Example 1: Synthesis of 5,17-dihydroxy-calix [4] arenebis-crown-ether-6 (IA).

A solution of metachloroperbenzoic acid (mCpBA) (5.2 g at 60%, 18.1 mmol) dissolved in 30 ml of dichloromethane is added dropwise, at room temperature and under an inert atmosphere (Ar), at 2 g ( 2.26 mmol) of 5,17-diformy-calix [4] arene-biscouronne-6 of formula (VIII) dissolved in 100 ml of dichloromethane. After 24 hours with stirring, the reaction medium is treated with a 10% sodium metabisulphite solution, then twice with 200 ml of water. The organic phase is then dried over magnesium sulfate and the solvent is evaporated to dryness.
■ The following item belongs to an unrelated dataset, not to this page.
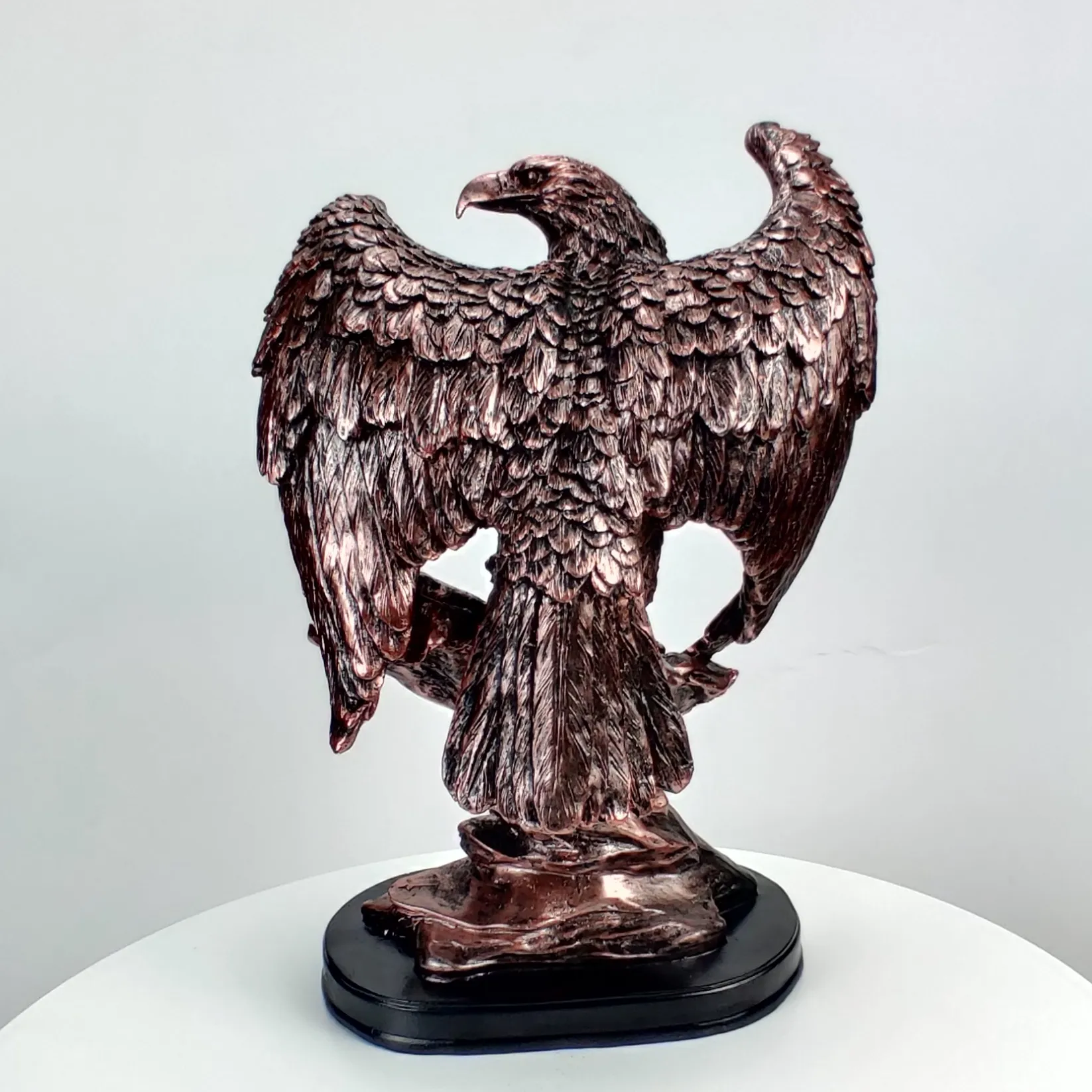 The eagle resin sculpture makes a striking addition to your living room or family room. Place it on a mantel, side table, or bookshelf to create a bold focal point that exudes elegance and strength.

The residue is triturated in diethyl ether, then filtered in the form of a white powder. This precipitate is then dissolved in 100 ml of anhydrous tetrahydrofuran. After addition of 10 ml of concentrated hydrochloric acid, the reaction medium is stirred for 36 hours, the tetrahydrofuran and hydrochloric acid are evaporated off and the residue is taken up in 10 ml of isopropanol. The colored impurities are filtered off and the filtrate is concentrated. By adding diethyl ether, the precipitate obtained is filtered off without further purification (0.7 g, 36%).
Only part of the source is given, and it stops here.